Виттория в этом тоже не сомневалась, но ей хотелось
обеспечить неотвратимость расплаты. Девушка возобновила попытки протолкнуться к
дверям, но кардиналы с испуганным видом лишь теснее сомкнули ряды.
— Что вы собираетесь сделать? — спросила
она. — Убить меня?
Лица кардиналов побелели, и Виттория тут же пожалела о
произнесенных сгоряча словах. Она видела, что у всех этих стариков доброе
сердце и никакой угрозы ей они не представляют. В эту ночь кардиналы уже
насмотрелись на насилие. Члены конклава просто оказались в ловушке и смертельно
испугались.

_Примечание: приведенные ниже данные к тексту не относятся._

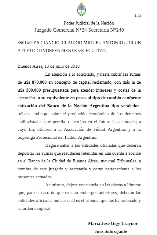 El ex dirigente de Independiente Claudio Ciancio volvió a embargar a Independiente ante la Justicia.

Им было необходимо собраться с мыслями.
— Я не хочу, — сказал морщинистый кардинал, —
чтобы мы совершили ошибку…
— В таком случае дайте ей уйти, — произнес чей-то
глубокий голос. Слова прозвучали спокойно, но абсолютно уверенно. К Виттории
подошел Роберт Лэнгдон и взял ее руку в свою. — Мисс Ветра и я немедленно
покидаем капеллу.
Кардиналы начали неохотно расступаться.
— Постойте!
Мортати шел к ним по центральному проходу, оставив камерария
в одиночестве у алтаря. Кардинал, казалось, постарел еще на несколько лет. Он
выглядел значительно старше своего и так уже очень преклонного возраста.

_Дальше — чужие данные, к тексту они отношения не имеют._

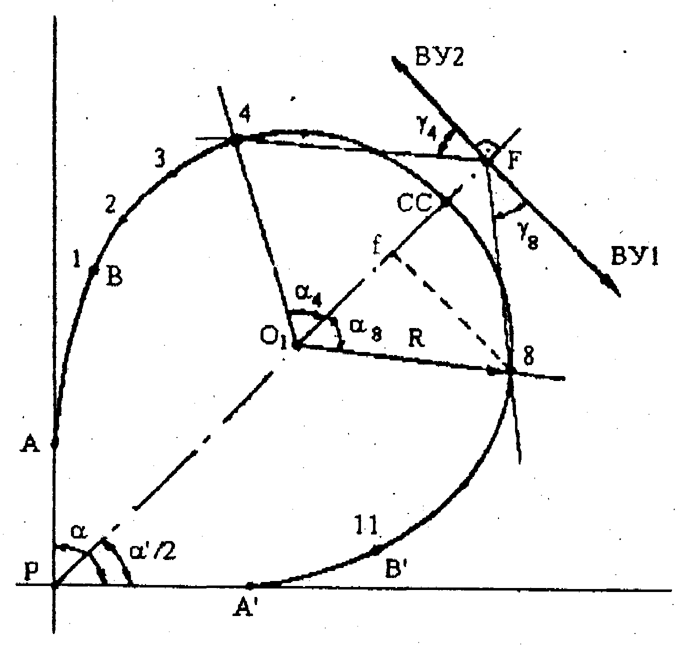 На биссектрисе угла α в точках O1 (центр окружности) и F (ось ППС) устанавливают теодолиты и, откладывая углы α8 и γ 8, получают положение точки 8.

Священник шел медленно, сгорбившись под тяжким бременем позора. Подойдя к ним,
он положил одну руку на плечо Лэнгдона, а другую — Виттории. Девушка сразу
ощутила искренность этого прикосновения. Глаза старика были наполнены слезами.
— Конечно, вы можете уйти, — сказал
Мортати. — Конечно… — повторил он и после короткой паузы произнес: —
Я прошу лишь об одном… — Кардинал долго смотрел в пол, а затем, снова
подняв глаза на Лэнгдона и Витторию, продолжил: — Позвольте мне сделать это. Я
сейчас выйду на площадь и найду способ все им сказать. Пока не знаю как… но я
все им скажу. Церковь должна сама покаяться в своих прегрешениях. Мы сами
должны изобличить свои пороки.
Поворачиваясь к алтарю, Мортати печально сказал:
— Карло, ты поставил нашу церковь в критическое
положение… — Он выдержал паузу, но продолжения не последовало.

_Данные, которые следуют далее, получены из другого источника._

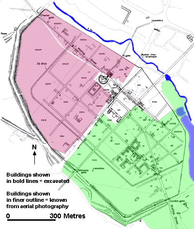 Many archaeologists are becoming increasingly concerned about plough damage to the remains of theRoman City of Verulamiumand are seeking a solution to the problem. This site explains something about Verulamium and its problems.The map below shows that area currently ploughed in red. Public open space is coloured green. |

В боковом проходе Сикстинской капеллы послышался шорох, а
затем раздался звук захлопнувшейся двери.
Камерарий исчез.
Глава 134
Карло Вентреска шагал по коридору, и его белая мантия
колыхалась в такт шагам. Швейцарские гвардейцы были безмерно удивлены, когда
он, выйдя из Сикстинской капеллы без всякого сопровождения, сказал, что хочет
некоторое время побыть в одиночестве. Гвардейцы повиновались и позволили ему
удалиться.
Свернув за угол и оказавшись вне поля зрения швейцарцев,
камерарий дал волю чувствам. Вряд ли кому-нибудь из живущих на земле людей
довелось испытать то, что испытал он. Он отравил человека, которого называл
«святой отец», человека, который обращался к нему со словами «сын мой». Карло
всегда считал, что обращения «отец» и «сын» были всего лишь данью религиозной
традиции, но теперь он узнал чудовищную правду. Слова эти имели буквальный
смысл.
И сейчас, как и в ту роковую ночь две недели назад,
камерарию казалось, что он в безумном бреду мчится сквозь тьму.